We need instead to rediscover values together. So I would propose, as in the article about food sovereignty: The Common Roof Project – Housing Citizenship or something similar, in order to stress the fact that we are talking about rights, common rights and no longer state rights. I like the idea of the building performance and It would be wonderful to think about a procession, so residents build the house and carry it around in the city, like a ritual and the last stop is Roda Sten (the temple where the house will stay and everybody will go to see it). It is a way to expose the house as a missing right. So there will be the procession as an ultimate exposure of the naked king but people will also have the chance to visit the house in Roda Sten, as the metaphor of a missing right. Concerning fairs, I would slightly change the idea of the fairs and I would instead organize some meetings or lectures in Roda Sten (inside or close to the house) about urban rights, occupation, how to build a common house, land right and so on. Lectures are held by activists or experts who can help people to organize and solve the problem of their missing housing rights. Besides it, we can set a website/blog in which we will post the announcements of the lectures, as well as we can use the website/blog as a platform to invite residents to make their questions to the experts or to organize meetings themselves etc.

Comments by Albin Andersson:

I still like the idea and performance of having the material inside Röda Sten, then carry them out to build, and later carry the modules back into Röda Sten to compile it into a singel unit.
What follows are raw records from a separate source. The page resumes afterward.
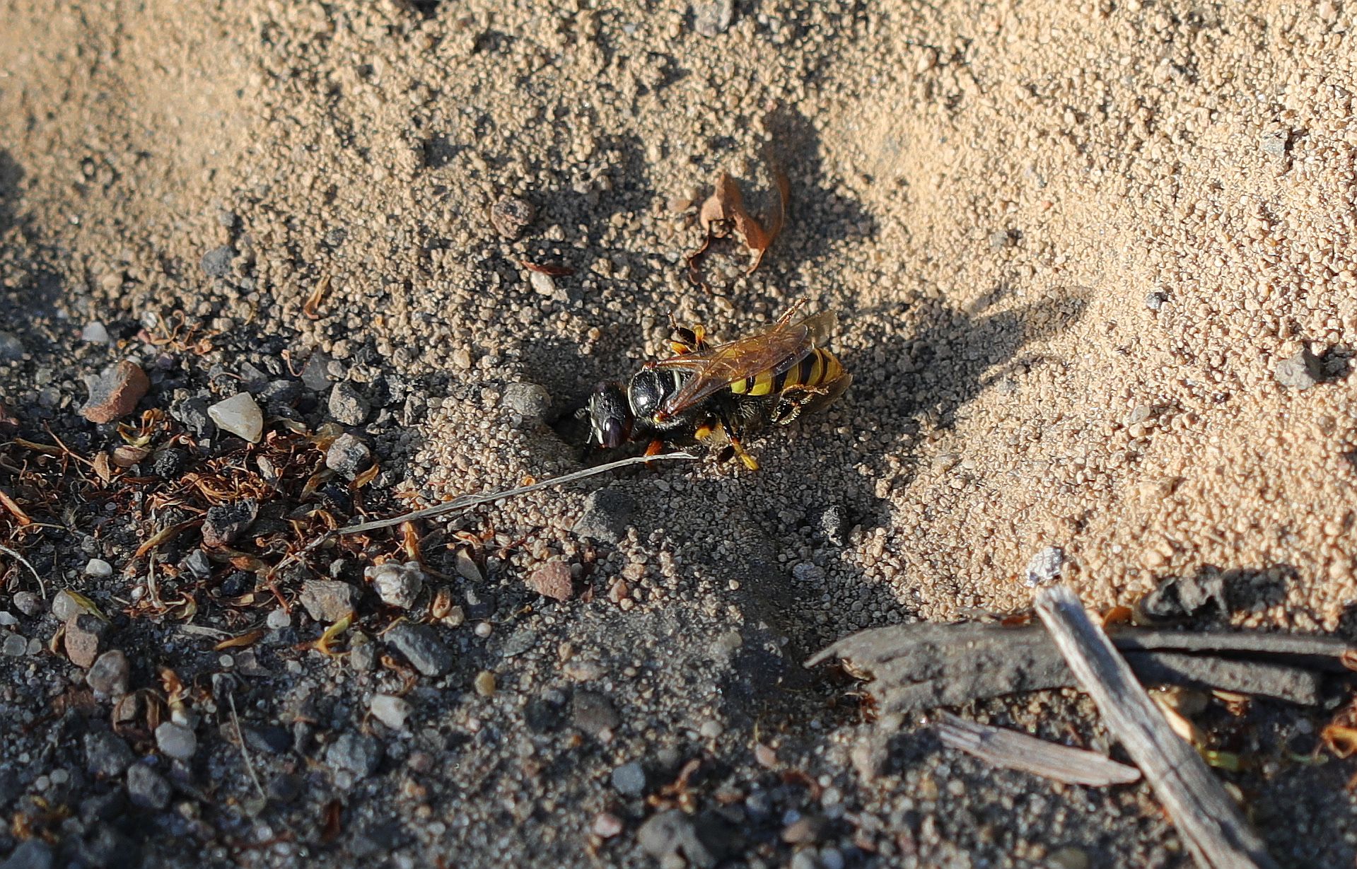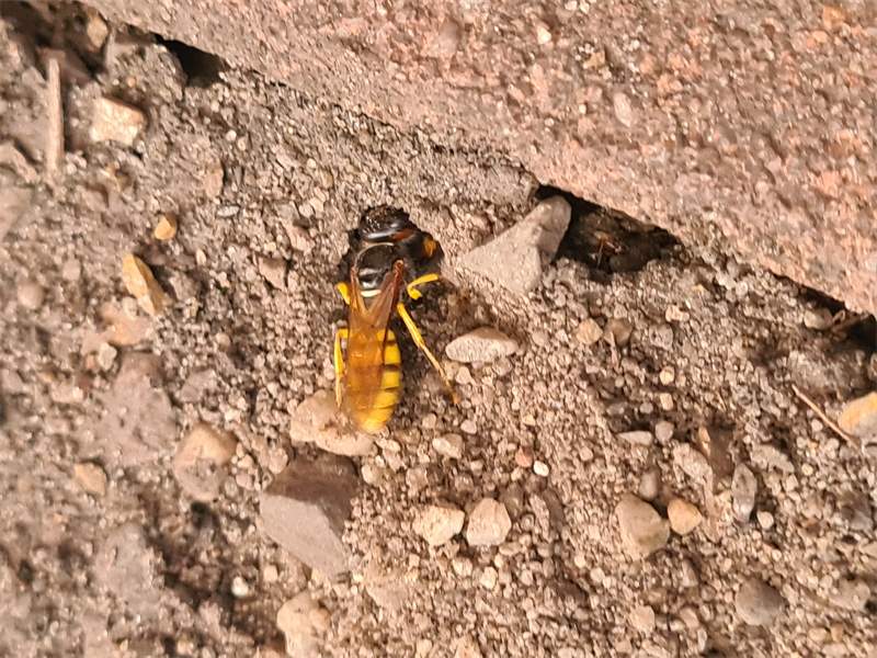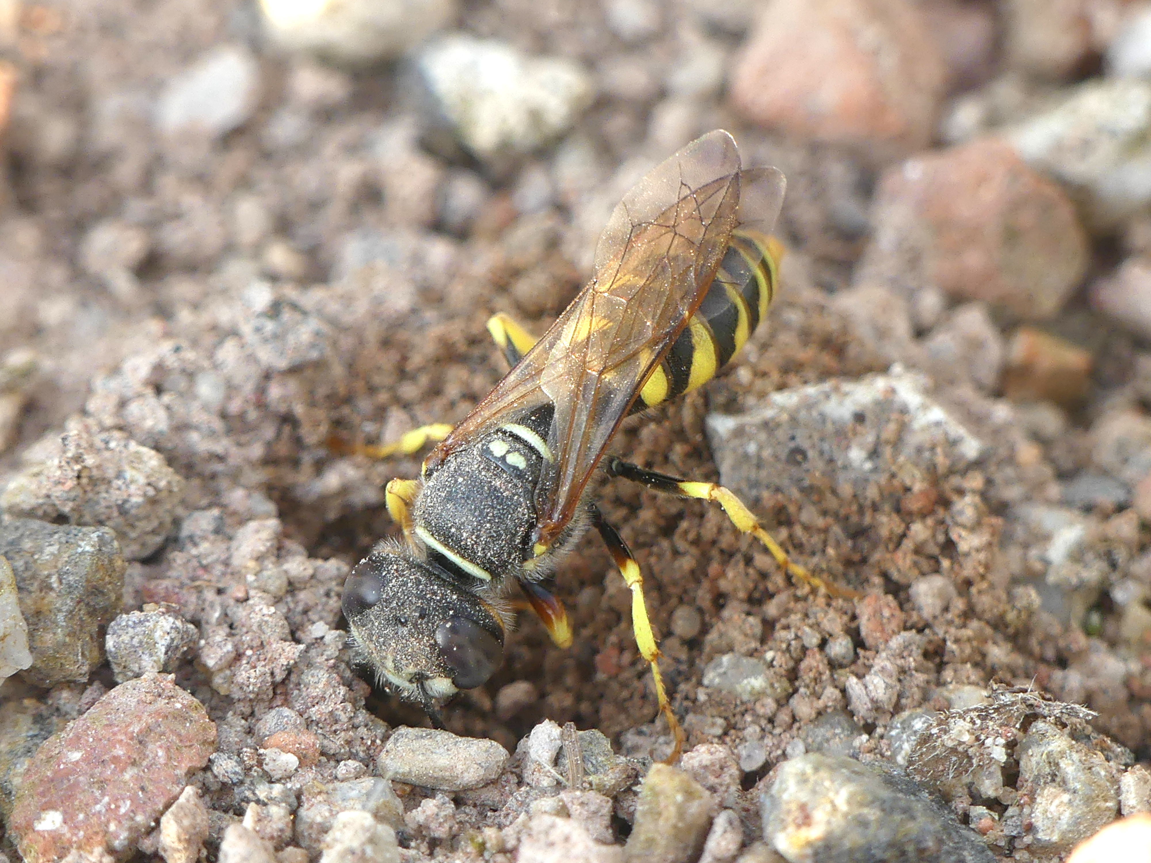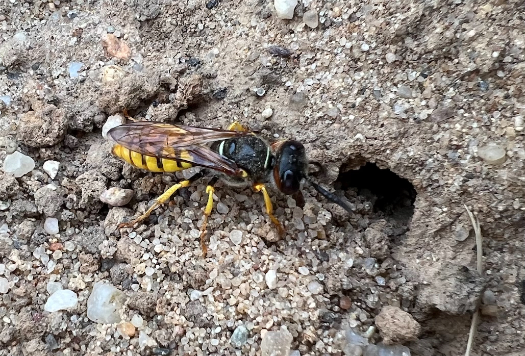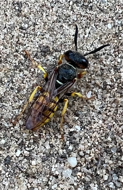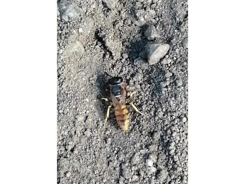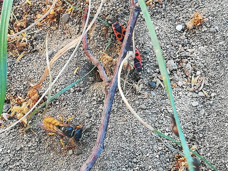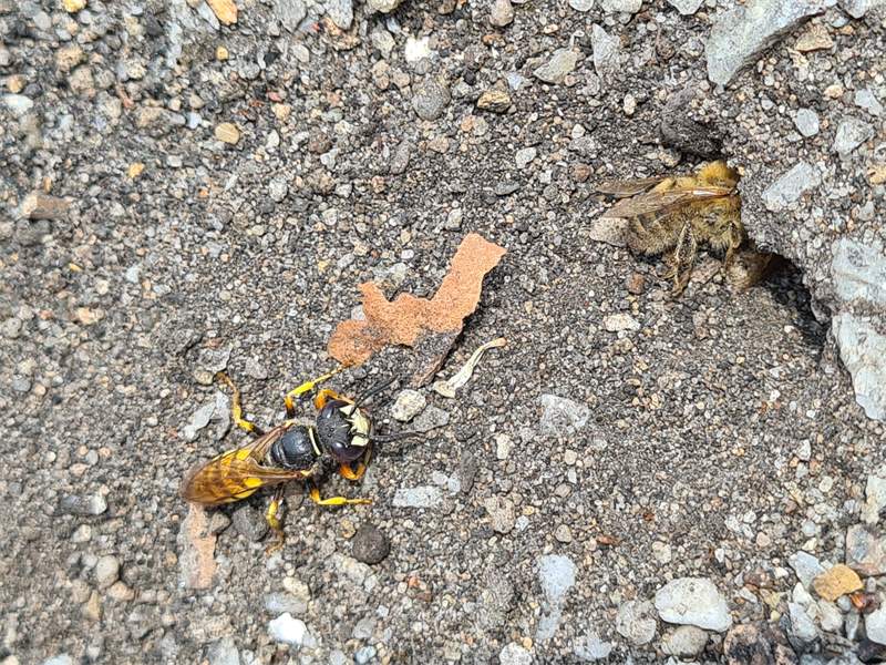 Bienenwolf, Weibchen beim Nestbau auf einem Gehweg, daneben liegt eine tote Honigbiene, Leipzig, Ortsteil Reudnitz-Thonberg, Juli 2009
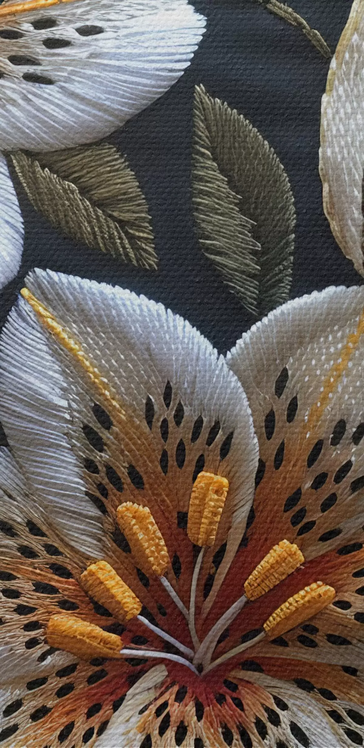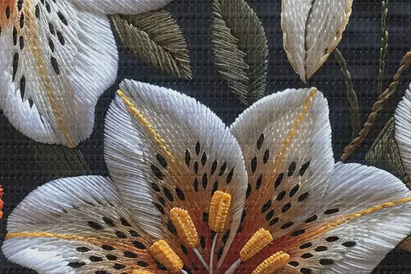 Okrągły obraz Haft typu Stumpwork: kwitnące lilie czarną nicią na ozdobnej tkaninie ze szczegółowymi dziełami sztuki Nr r39650
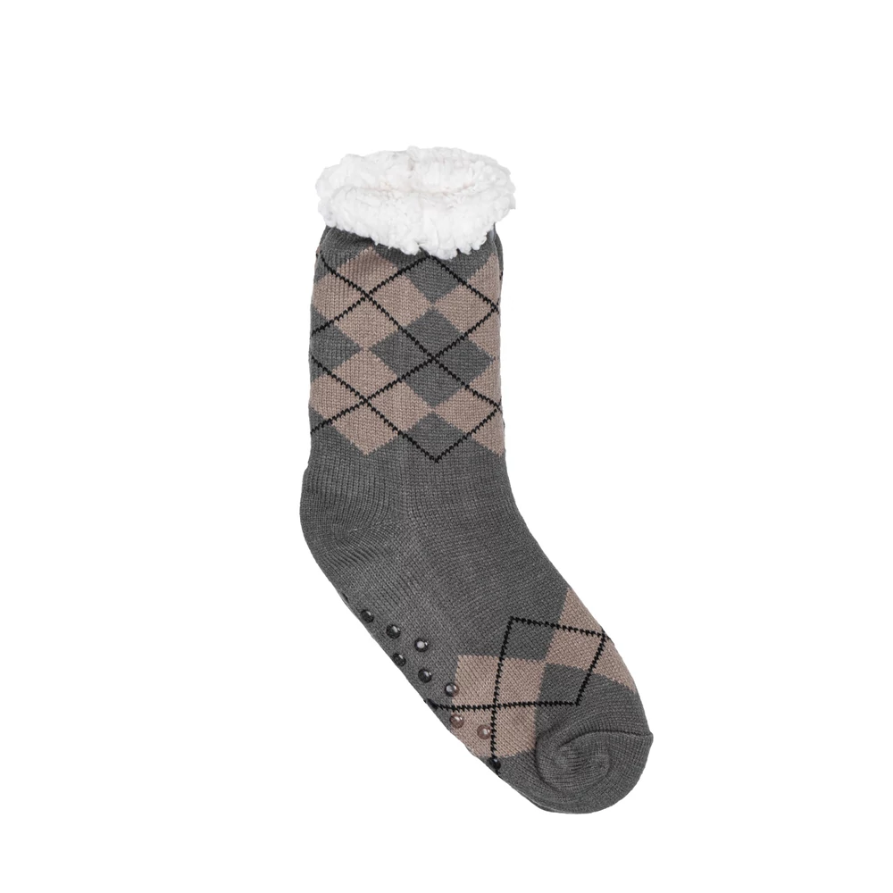 Ez a bélelt, vastag zokni tökéletesen melegíti a lábakat a hideg téli napokon. Puha anyaga és ünnepi mintája igazi hangulatot teremt az otthon töltött pillanatokhoz. Rugalmas kialakítása és belső bélése garantálja a kényelmet és a melegséget. A zokni alján gumikorongok találhatók, amelyek segítenek megakadályozni a csúszást.
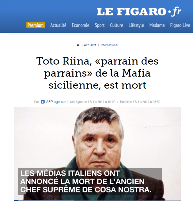 Il giornale radio del mattino di France Info, emittente pubblica francese, questa mattina ha dedicato alla morte del padrino di Corleone la prima notizia: “Cominciamo con la principale notizia della notte, arriva dall’Italia, l’ex padrino della mafia siciliana, Totò Riina, è morto” e, Oltralpe, la notizia era anche in testa ai titoli di Europe 1 e RTL.
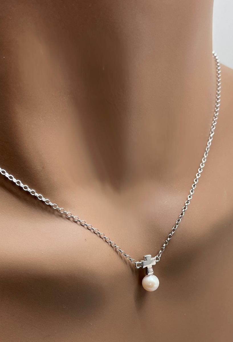 Gargantilla de plata motivo cruz sobre perla 266_023726-1-1
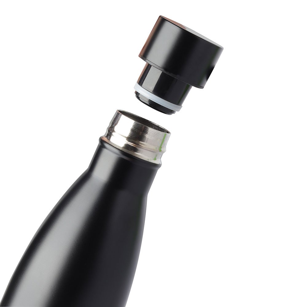 Garrafa térmica em aço inox com parede dupla isolado à vácuo, com tampa de inox na cor do produto e anel de silicone para vedação. Capacidade de até 500ml, pintura fosca.

I think the results can be very unexpected and interesting. I read the answers from Lucia and think she’s right when it comes to the term “social housing”. This is not what I thought of when I heard the term, but I might not be the right generation. “Housing citizenship” is good, but maybe the word citizenship could be thought about again, since it will exclude people without citizenships. About the fairs, I’m not sure I really got the idea about it would practically work, but I somehow like it more than ordinary lectures since, as you say, it makes it easier for two-way-comunication and not leaving one part passive. But maybe the building of the house is exercising this enough? Just some thoughts.